WHAT YOU ARE ASKED TO DO
Give the data again exactly as it appears, excluding any pictures.

COLLECTED DATA
::::::::
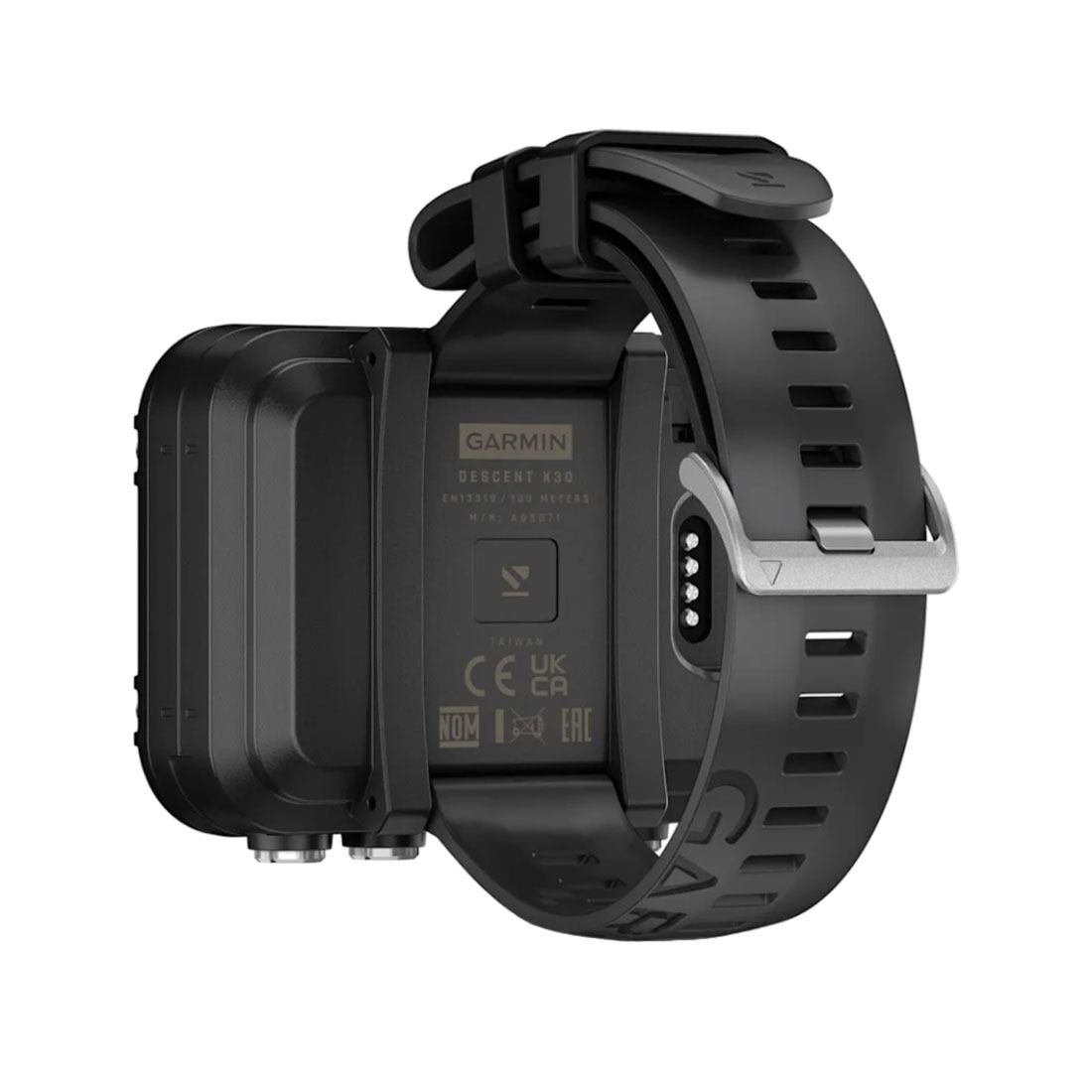 What's in the box? - The box contains the Garmin Descent X30i dive computer with silicone wrist band, along with a charging clip/cable, screen protector kit, and quick start guide. If you want a well padded case suitable for boat use, consider adding the optional DGX Padded Storage Bag. Accepts Garmin 26 mm Quick-Fit silicone wrist bands and bungee mount.
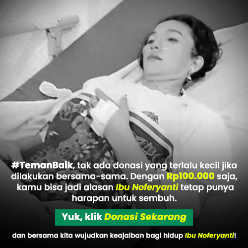 #TemanBaik, tak ada donasi yang terlalu kecil jika dilakukan bersama-sama. Dengan Rp100.000 saja, kita bisa jadi alasan Ibu Noferyanti tetap punya harapan untuk sembuh. Yuk, klik Donasi Sekarang dan bersama kita wujudkan keajaiban bagi hidup Ibu Noferyanti!
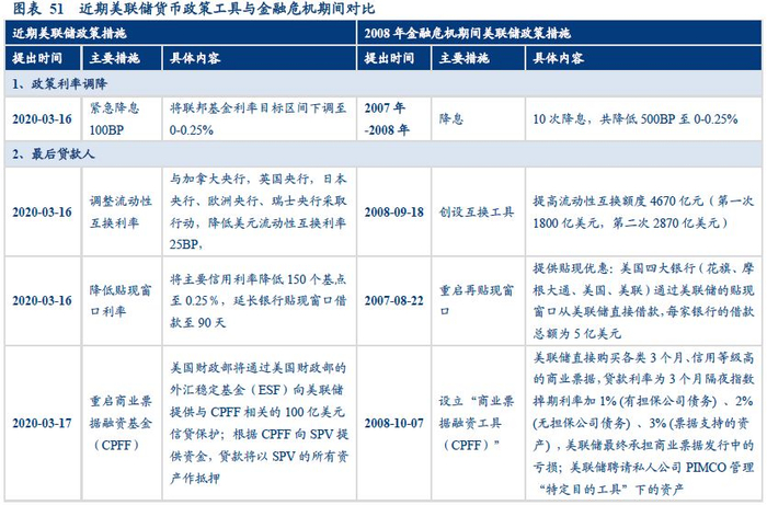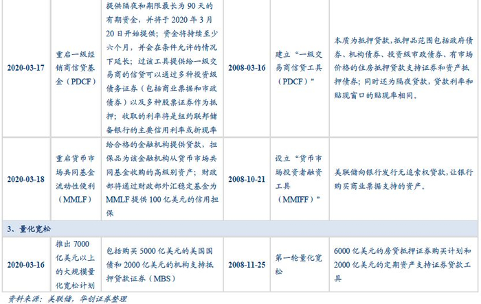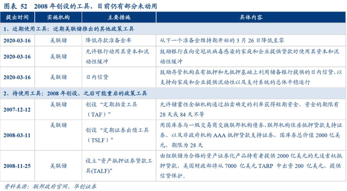 就短期而言,近期流动性危机出现后,美联储推出大量货币政策工具,而多数工具在金融危机前后已经创设。3月中旬至今,除紧急降息外,美联储先后重启贴现窗口、CPFF、PDCF、MMLF等一系列工具,但这些工具大多创设于2008年前后,主要是美联储为承担“最后贷款人”职责的创新工具,上文中已经有详尽论述;所以,美联储短期内已经动用了给一级交易商、货币基金等补充流动性的多重工具。
::::::::
REPLY
 What's in the box? - The box contains the Garmin Descent X30i dive computer with silicone wrist band, along with a charging clip/cable, screen protector kit, and quick start guide. If you want a well padded case suitable for boat use, consider adding the optional DGX Padded Storage Bag. Accepts Garmin 26 mm Quick-Fit silicone wrist bands and bungee mount.
 #TemanBaik, tak ada donasi yang terlalu kecil jika dilakukan bersama-sama. Dengan Rp100.000 saja, kita bisa jadi alasan Ibu Noferyanti tetap punya harapan untuk sembuh. Yuk, klik Donasi Sekarang dan bersama kita wujudkan keajaiban bagi hidup Ibu Noferyanti!
 就短期而言,近期流动性危机出现后,美联储推出大量货币政策工具,而多数工具在金融危机前后已经创设。3月中旬至今,除紧急降息外,美联储先后重启贴现窗口、CPFF、PDCF、MMLF等一系列工具,但这些工具大多创设于2008年前后,主要是美联储为承担“最后贷款人”职责的创新工具,上文中已经有详尽论述;所以,美联储短期内已经动用了给一级交易商、货币基金等补充流动性的多重工具。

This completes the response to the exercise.